Sen istanbul’ dan başka bir yerde yaşamaktan bahsedince aklıma geldi. Bir zamanlar tıp fakültesini bitirmeme yakın göz uzmanı olmak istediğime karar vermiştim çeşitli sebeplerden. Belki fotoğraf çekmeyi çok sevmemden, ikisi arasında bilmeden bir ilişki kurduğumdan olabilir diyorum şimdi geriye bakınca. Tabi hayallerim İstanbul’da yaşamaktı yeniden. Ama neden hayallerim ille de ‘Beyoğlu Göz’ diyordu hatırlamıyorum. Ama Beyoğlu Göz’dü tek hayalim ve başka bir seçenek olamazdı. Gidip görmemiştim bir kere bile, orada çalışan herhangi biri ile de konuşmamıştım. Demişlerdi ki Galata’ da kuleye yakın bir sokak arasında, izbe bir yerde... Eğer gidip görseydim, o an aşık olurmuşum halbuki.
Kazandığımı öğrendiğim gün hatırlarsın çıkıp gittik, daha atanmama vardı, ama o sevinçle görmek istedim ilk kez. Heyecanla aradık durduk, sorduk ‘Beyoğlu Göz Hastanesi nerede?’ diye. Genelde insanlar buraya ‘Kuledibi Göz Hastanesi’ dediği için sorduğumuz insanlar bilmediklerini söylemişlerdi. En sonunda bir tarif alıp, Galata’ nın o dar ve keyifli sokaklarında hastaneyi bulmuştuk. Hatırlıyor musun hayal kırıklığımı? Gerçekten ilk karşılaştığım binanın hastanenin sonradan yapılma çirkin ek binası olması talihsizlikti.
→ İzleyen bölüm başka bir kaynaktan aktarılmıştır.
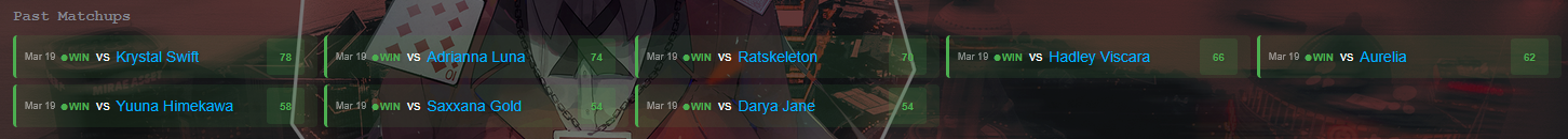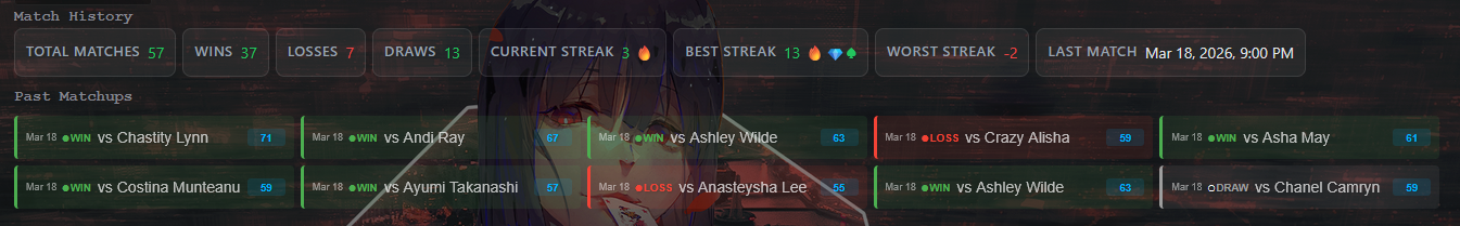 Additional changes coming include performance, leaderboard display, and performer weighting. I am very much a perfectionist so please forgive me if it takes a while. Ultimately I will aggregate the match history add-on and hot or not. But for the sake of my sanity, they will stay separate for now.

Halbuki ilk görüşte aşk yaşamam ikinci ziyaretimde olacakmış. Bu sefer tramvayla Karaköy’e gelmiştik. Kamondo merdivenlerinden ilk kez çıkarken ne kadar hoşumuza gitmişti hatırlıyor musun? 1850'li yıllarda yapılan geç barok çağrışımlı merdivenler bölgenin en önemli banker ailelerinden biri olan Portekiz (veya İspanyol) kökenli Musevi Kamondo ailesinden Abraham Salomon Kamondo adına yaptırılmış. O zamanlar Banker Sokağı da Rue Camondo (Kamondo Sokağı) olarak bilinmekteymiş.
Sonra yokuştan çıkarken ve tam kaybolduğumuzu sanarken sol tarafta gördüm o güzel binayı. Önce binayı gördüm ve ne kadar güzel olduğunu düşündüm, daha sonra kapısında Beyoğlu Göz Hastanesi yazdığını gördüm. İşte o an o kadar mutlu oldum ki, böyle binalara hep hayran olur ve içinde yaşamak nasıl bir duygu diye merak ederdim, ve işte benim önümdeki dört seneyi geçireceğim hastanem burasıydı.
İstanbul’un Galata Kulesi ile görüntülenen siluetinde Beyoğlu Göz’ün ince kulesi de hep Galata Kulesi’ne eşlik eder ve ben izlemeye bayılırım. Kulesinden manzara neredeyse Galata Kulesi’nden görüldüğü kadar güzeldir. Seni bir kere bile çıkaramadım gerçi. Ama ikinci katındaki ön bahçesine bakan balkonuna çıkarmıştım bir kere.
Neredeyse dört sene olacak yakında… Bir yandan mutluyum, bir yandan da bugünleri özleyecekmişim gibi geliyor. Bazı tatsız şeylere rağmen bu binayı hep özleyecekmişim gibi hissediyorum, ne dersin?